その突進してくる魔獣の網を掻いくぐった下級魔族は、今度は岩山だと思っていた魔獣に襲われはじめた。自分のカラダにくっついている岩を飛ばして攻撃してくる厄介な魔獣で、その魔獣が壁に近づこうとした魔族に岩をぶつけて行動不能にしている。
すこし甘くみていた。ワリエリは率いている魔族全軍……残り約1万の軍を一斉に突撃させることにした。
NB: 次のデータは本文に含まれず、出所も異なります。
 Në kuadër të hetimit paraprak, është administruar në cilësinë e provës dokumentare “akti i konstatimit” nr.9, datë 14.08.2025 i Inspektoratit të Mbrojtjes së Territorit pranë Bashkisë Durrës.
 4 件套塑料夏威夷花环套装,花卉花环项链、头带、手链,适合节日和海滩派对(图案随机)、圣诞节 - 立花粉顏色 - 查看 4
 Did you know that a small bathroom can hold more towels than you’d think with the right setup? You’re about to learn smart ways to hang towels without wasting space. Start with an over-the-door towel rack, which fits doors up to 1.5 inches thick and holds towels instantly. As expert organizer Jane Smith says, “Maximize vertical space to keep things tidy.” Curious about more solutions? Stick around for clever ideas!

あの壁すら突破すればこちらのもの。お目当ての人物以外は全員、根絶やしにしようと考えた。料理や水もあの人間たちが持ち込んだものだろう。拷問にかけて作り方さえ聞ければそれでいい……。
全軍が動き始めると今度は向こうにも動きがあった。壁の向こうから大量の黒い塊がこちらの上空へとやってきて、なにかベタベタする液体を撒いている。だが、特に痛みなどもないため、無視して突撃に集中する。
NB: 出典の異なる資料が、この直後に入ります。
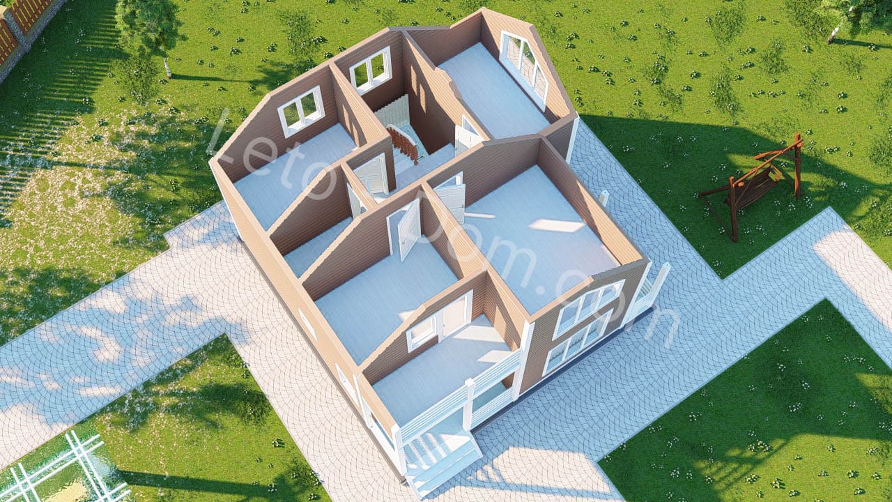 Согласно проекту дома (двухскатная, ломанная, ассиметричная). Высота конька кровли согласно проекту дома (3.5 м или 4 м)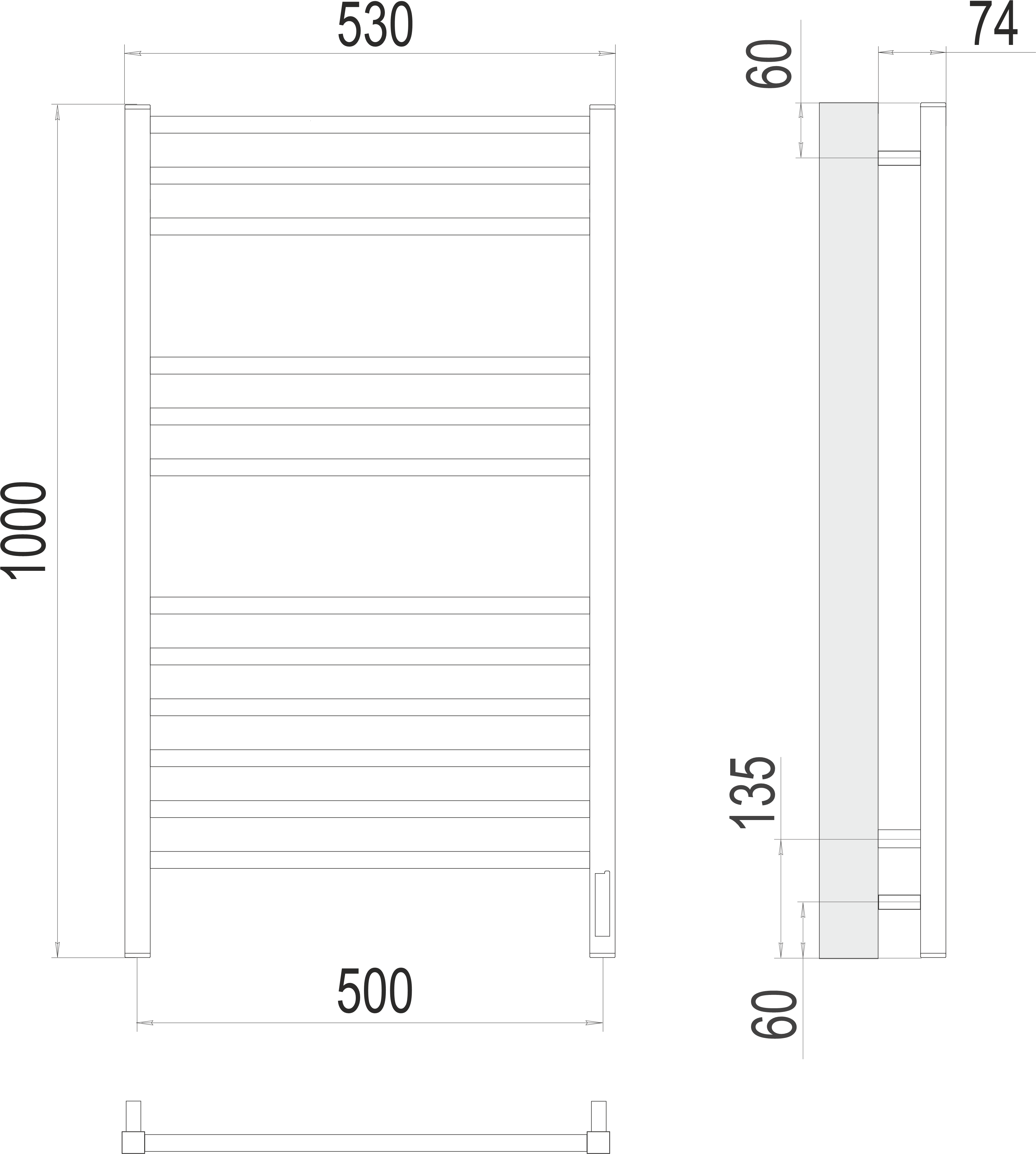 Terminus Ватикан П12 Электрический полотенцесушитель 1000х500 4670078526205 Матовый черный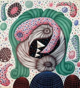 pencil, ink, coloured pencil and goauche on reverse of found LP cover

突進する魔獣も、岩の塊を飛ばしてくる魔獣も数に物をいわせて無理やり撃破した。その勢いのまま、壁に近づくと壁の上面から一斉に射撃を受けた。壁のすぐそばの地面は掘りこまれて溝になっていて、そこから壁をよじ登ろうとしたところだったので、連射してくる矢や巨大な矢の被害を受け、かなり犠牲が出た。先ほど、突進してきた魔獣が出てきた橋はすべて縄を切ったら落ちる仕掛けが施されていて、すでに落橋している。だが、そこも強引に壁をよじ登り、制圧に成功した──はずだった。
「敵がどこにもいません」
伝令の魔族の言葉にワリエリは耳を疑った。